━━━ Data for this exercise

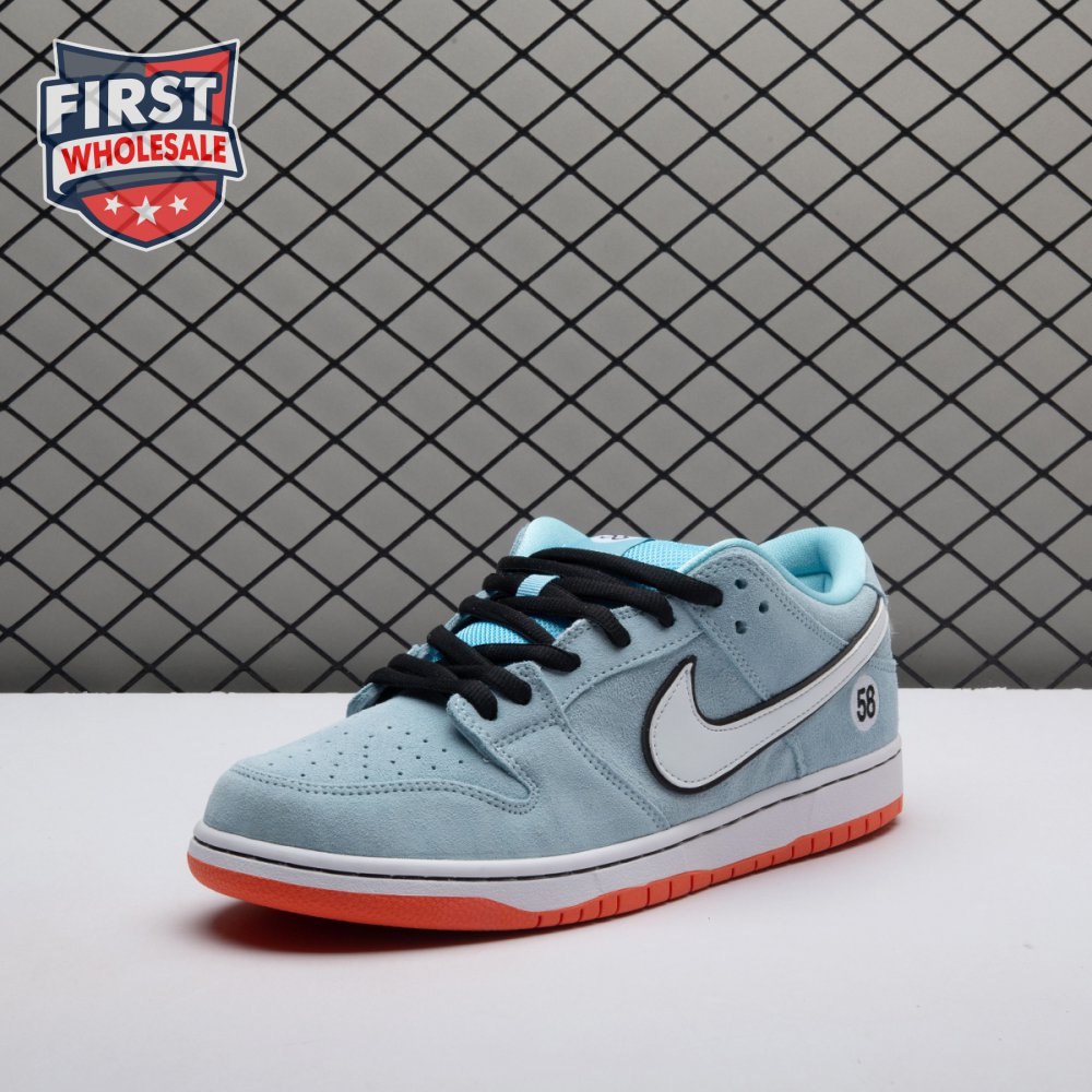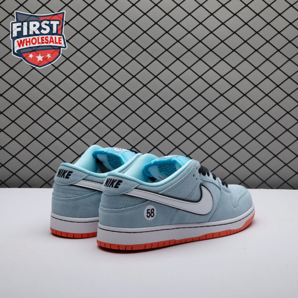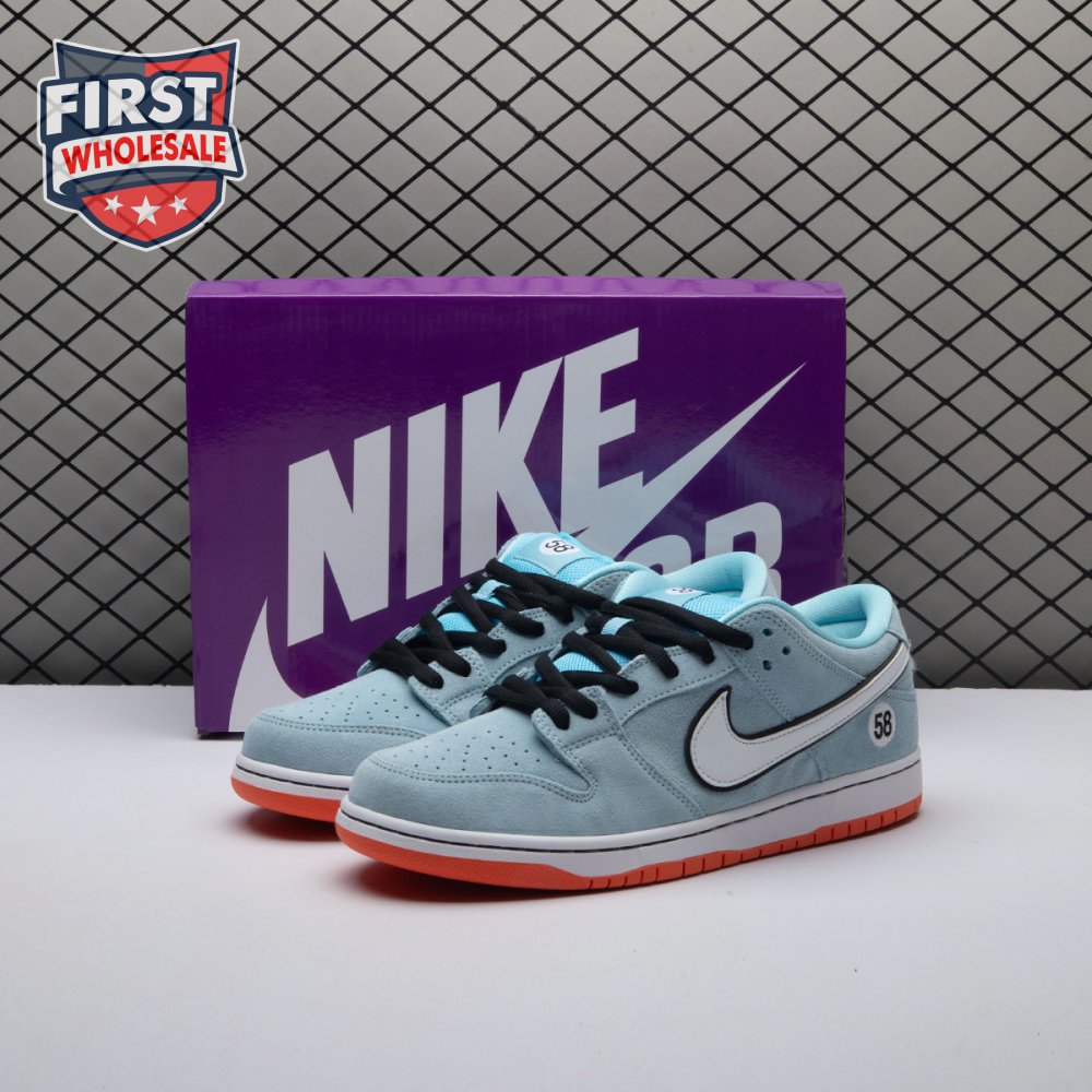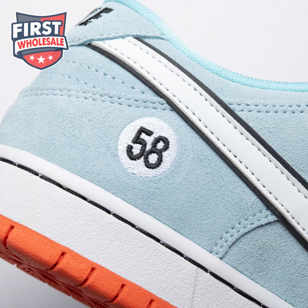 The Nike Dunk Low Pro SB 'Gulf" is the follow-up to the Blazer Mid "Club 58" from 2018, both of which are designed in collaboration with a consortium of four prominent skate shops located in Western Europe. Light blue suede is utilized throughout the upper, accented with a white leather Swoosh and a circular 58 graphic on the lateral heel. The digits are repeated on the woven tag affixed to the stuffed mesh tongue. Underfoot, a bright orange rubber outsole delivers a contrasting pop of color.
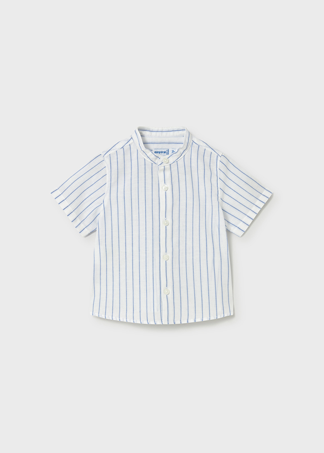 camisa lino rayas cuello mao color oceano
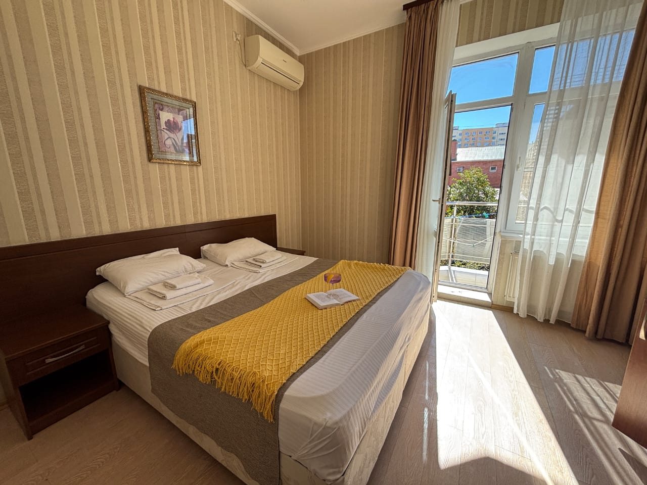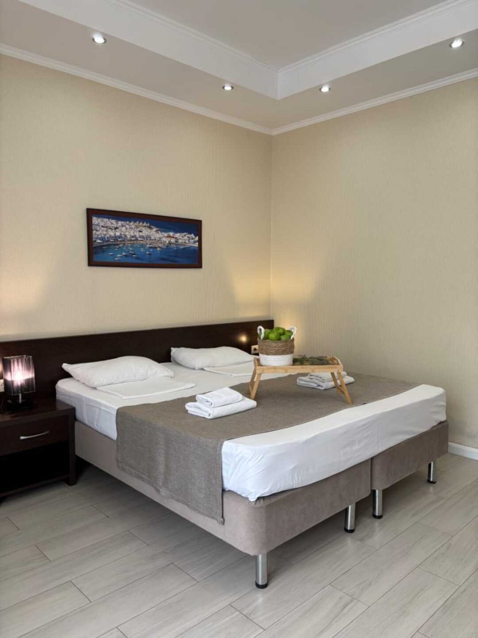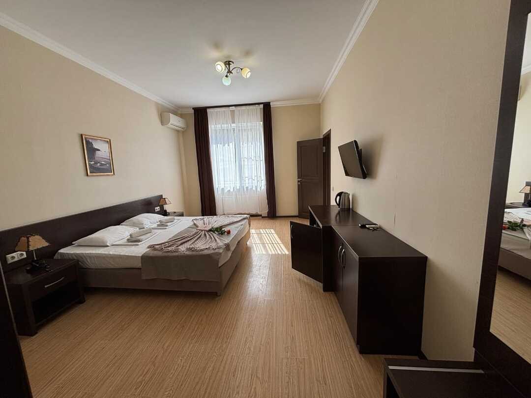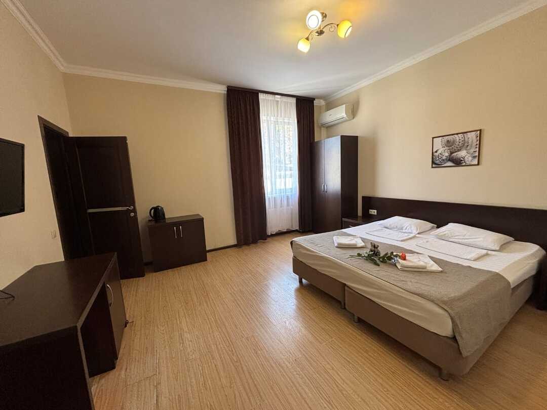 Этот вариант прекрасно подойдет как семьям, так и индивидуальным путешественникам, так как доступны различные категории: «Двухместные», «Трехместные» и «Четырехместные» номера с балконом и без. В каждом номере все продумано для полноценного отдыха, включая кровати с удобными матрасами, холодильник и чайник, бесплатный Wi-fi, телевизор, сейф, кондиционер, вместительный шкаф и собственный санузел с душем.
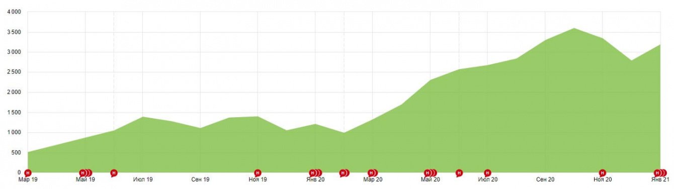 Посещаемость сайта из поиска характеризовалась отрицательной динамикой в течение минимум 2 лет. На момент проведения аудита — до 1000 чел/мес.
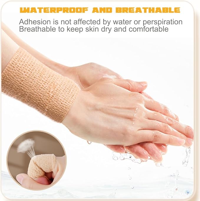 - Comfortable to Wear: Self-Adherent bandages wrap made of non-woven fabric, lightweight, waterproof, soft, flexible and breathable, less irritation to your skins. It effortlessly covers all body parts such as wrists, ankle, toe, elbow, knees and fingers. It suitable to relieve swelling, secure wound dressings and promote healing, ideal for strains and sprains.
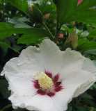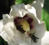 weiße Hibiskusblüte mit Besuch
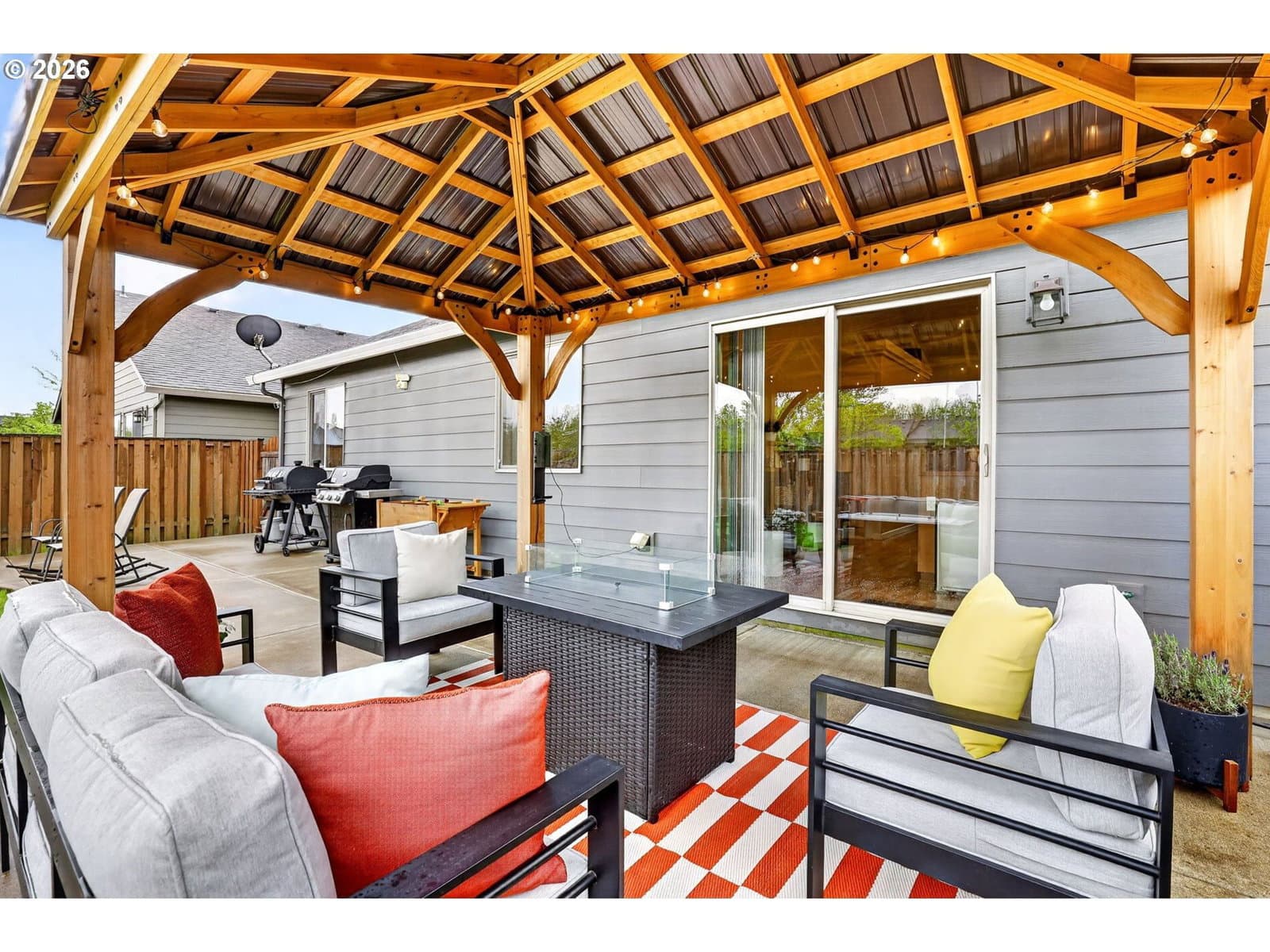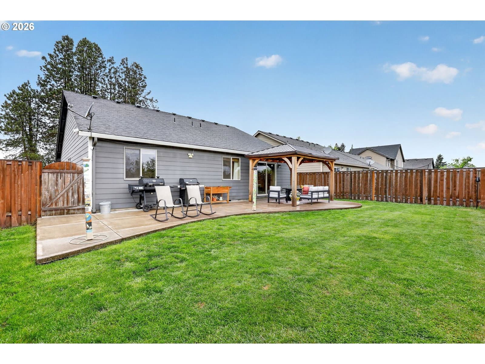 Incredible quality meets affordability in this home! Soaring vaulted ceilings and an open design make it feel much larger inside. Features include stainless steel appliances, custom cabinetry, front-yard landscaping with an underground sprinkler system, and a delightful backyard gazebo.You'll love the architectural décor ledges, a spacious kitchen with an island and a raised breakfast bar, and a generous pantry—perfect for entertaining. The primary suite offers an oversized closet and roomy ensuite bath. Fully fenced backyard with patio, easy-care landscaping, super clean, gently lived in, and move-in ready!

━━━━━━

▶ Task
Your answer should be the lines above, word for word, from the line with "Этот вариант прекрасно" through the line with "weiße Hibiskusblüte mit Besuch", minus the pictures.

▶ Output
 Этот вариант прекрасно подойдет как семьям, так и индивидуальным путешественникам, так как доступны различные категории: «Двухместные», «Трехместные» и «Четырехместные» номера с балконом и без. В каждом номере все продумано для полноценного отдыха, включая кровати с удобными матрасами, холодильник и чайник, бесплатный Wi-fi, телевизор, сейф, кондиционер, вместительный шкаф и собственный санузел с душем.
 Посещаемость сайта из поиска характеризовалась отрицательной динамикой в течение минимум 2 лет. На момент проведения аудита — до 1000 чел/мес.
 - Comfortable to Wear: Self-Adherent bandages wrap made of non-woven fabric, lightweight, waterproof, soft, flexible and breathable, less irritation to your skins. It effortlessly covers all body parts such as wrists, ankle, toe, elbow, knees and fingers. It suitable to relieve swelling, secure wound dressings and promote healing, ideal for strains and sprains.
 weiße Hibiskusblüte mit Besuch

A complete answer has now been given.